Bachelor of Science in Chemical Engineering (128 hrs.)
The Dr. John J. McKetta Department of Chemical & Bioprocess Engineering was named in honor of Dr. John J. McKetta, a 1937 chemical engineering graduate and member of the University’s Board of Trustees. The McKetta Department of Chemical & Bioprocess Engineering offers the following degree:
- Bachelor of Science in Chemical Engineering
Trine University’s chemical engineering program is accredited by the Engineering Accreditation Commission of ABET, www.abet.org.
The core classes for chemical engineering are focused on the chemical sciences. The chemical sciences affect virtually every aspect of life: the food we eat, the clothes we wear, the materials for our homes and cars, our medicines and health care products, and the protection of the environment. Chemical engineers are found in every industry.
Chemical engineering is distinctive in its emphasis on chemistry. The chemistry studied by the chemical engineer may include quantitative analysis, organic chemistry, physical or biochemistry and instrumental analysis. These are the same courses that a chemist would be required to take. The chemical engineer takes these chemical principles and applies them to industrial processes.

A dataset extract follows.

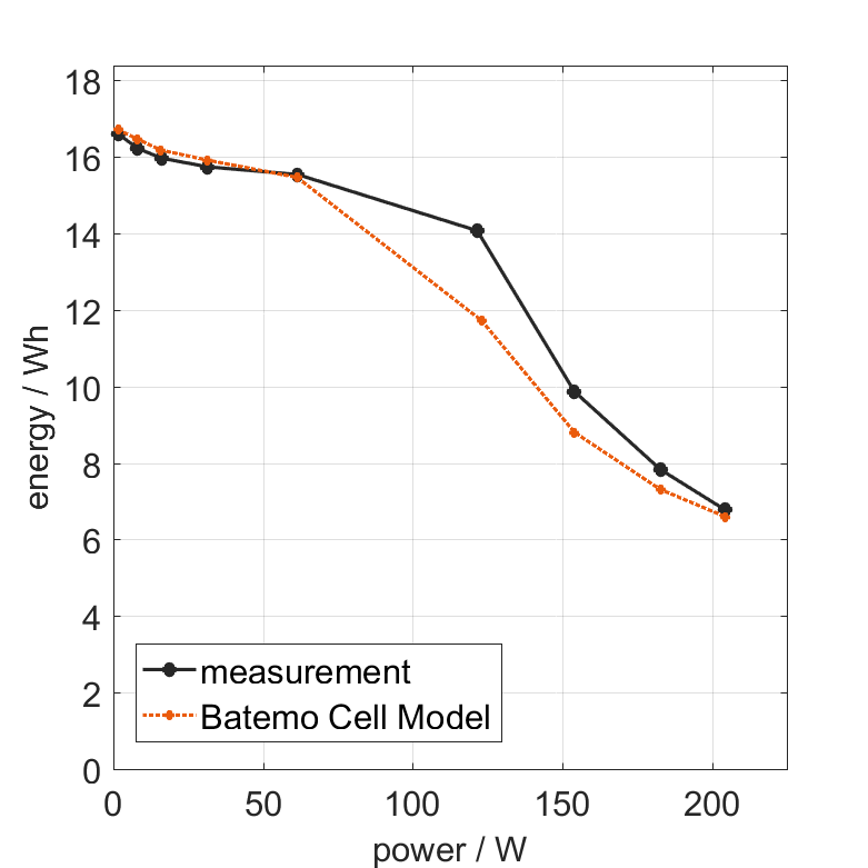 Moreover, the validation of the Batemo Cell Model is fully transparent. The Batemo Cell Data contains the raw measurement and simulation data. For all experiments the voltage, temperature, power and energy accuracies are calculated. This allows straight-forward evaluation and analysis of the Batemo Cell Model validity. The graphs show a selection of characteristic data of the cell BAK Battery INR2170-45D(B) to evaluate the cell performance.

Chemical engineering has many common elements with the other engineering disciplines. It is based upon the fundamentals of physics and mathematics. It shares the core engineering sciences of mechanics, fluid flow, heat transfer, thermodynamics, and economics. Oral and written communication skills and interpersonal skills are required for success.
Engineering design is an integral component in chemical engineering coursework. Solution of open-ended problems and the design process are introduced in the department’s freshman engineering course. Design of experiments is covered in the Unit Operations laboratories, and equipment and process design concepts are taught through the Unit Operations and Chemical Engineering Kinetics courses. This work culminates in the capstone courses Chemical Process Design I and Chemical Process Design II.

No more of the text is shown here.